Some readers want to build their own computers, but we would hope the majority are IT execs and managers who need to keep up on what is going on and don't have time to panel.

Full disclosure: I'm not going to pretend that this little rant didn't start with a TechCrunch post noting CNET is on the skids at the expense of TechCrunch/CrunchGear. That post--along with looking at ComScore's IPO filing a while back--got me poking around on the issue, which is murky and circular to say the least. In fact, the more questions you ask--about assumptions, methodology, what's included and excluded--the murkier it gets. Also note that I'm not speaking for CNET Networks or News.com--this is just how things appear to me.

TechCrunch notes:

In the month of October alone, the New York Times added 4.9 million readers on the Web. That is more than double the total readership of CNet’s News.com of 2 million, which sadly seems to be one of the few media sites declining in visitors (from 2.5 million in August).
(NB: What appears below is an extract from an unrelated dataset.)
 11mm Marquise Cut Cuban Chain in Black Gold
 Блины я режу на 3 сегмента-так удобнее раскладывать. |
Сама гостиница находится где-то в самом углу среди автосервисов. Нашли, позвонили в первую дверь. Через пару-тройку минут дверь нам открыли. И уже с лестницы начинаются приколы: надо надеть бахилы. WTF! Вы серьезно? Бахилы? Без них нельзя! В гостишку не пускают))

News.com’s pageviews have also been flat, at 6 million per month since August. For comparison’s sake, comScore shows TechCrunch (including our sister site CrunchGear) at 8 million monthly pageviews worldwide in October (we surpassed News.com in September), and it shows us catching up in online readers with 1.7 million worldwide in October.

 

Then there's a chart citing unique users and a graph of total pages viewed. But there are a few questions: If TechCrunch lumps in CrunchGear are News.com's blogs lumped in with the News.com news property? It's not a small point since traffic and uniques have shifted from news to blogs. Is Webware and Crave included in News.com? What's the real comparison? What is the differential between TechCrunch's internal figures and ComScore's?
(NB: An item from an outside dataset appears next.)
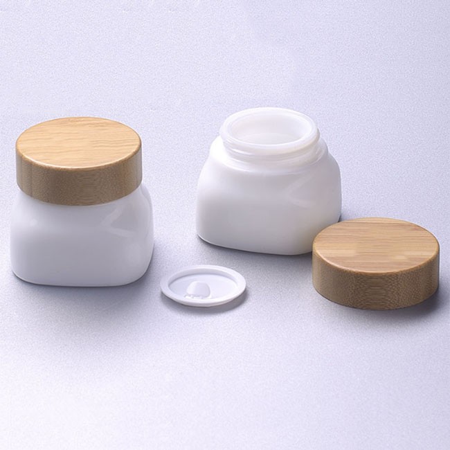 White Porcelain Cosmetics Glass Bottle With Bamboo Lid

TechCrunch seems pleased with ComScore's figures so there doesn't seem to be any discrepancy--or at least one that's way negative. For News.com and ZDNet traffic ComScore is off anywhere from 70 percent to 90 percent compared to our internal figures. Uniques are also off by a wide margin.

I'm not going to get into a pissing match over traffic, but jeesh there are some serious discrepancies going on here. Internally at CNET, folks go "how are we going to respond?" Meanwhile, TechCrunch plays the old tabloid circulation game of "my circ is growing faster than yours." Good for TechCrunch (I'd do the same thing). Bad for CNET. But the real issue here could be the peril of Web ranking panels.

A ComScore spokesman was swamped when I emailed a few questions on Wednesday. He noted that the TechCrunch stats are mostly U.S. only. He also addressed any discrepancies:

Internal figures are generally a very poor gauge of actual unique visitor counts, because they are typically inflated due to several factors. Key factors include cookie deletion, which can overstate internals by as much as 2.5x, and double-counting of visitors who log on from both home & work. ComScore data is not cookie-based, so is not inflated due to this factor, and we account for home/work overlap in our unique visitor counts.

CNET filters for robots and corrects for cookies--although if you visited from two different computers it would be treated as if you were two different people.

Other questions for ComScore--notably about how panels are constructed, the methodology and whether all sites have the same margin of error--went unanswered for now.

Apparently, the CNET muckety mucks are having this behind the scenes conversation with ComScore about metrics, but here's the problem: ComScore's stats are bunk. And Nielsen Netratings statistics are a little less bunk than ComScore's. But both rely on panels--two seemingly different ones--to come up with rankings. Your traffic statistics depend on how the panel is constructed and the composition. Is the work sample dominated by financial firms? How about technology companies (that would suit ZDNet for sure)? Retailers? Companies that allow monitoring on their networks? It's a big black box to me that results in a margin of error the size of the Grand Canyon. Who are these panel people?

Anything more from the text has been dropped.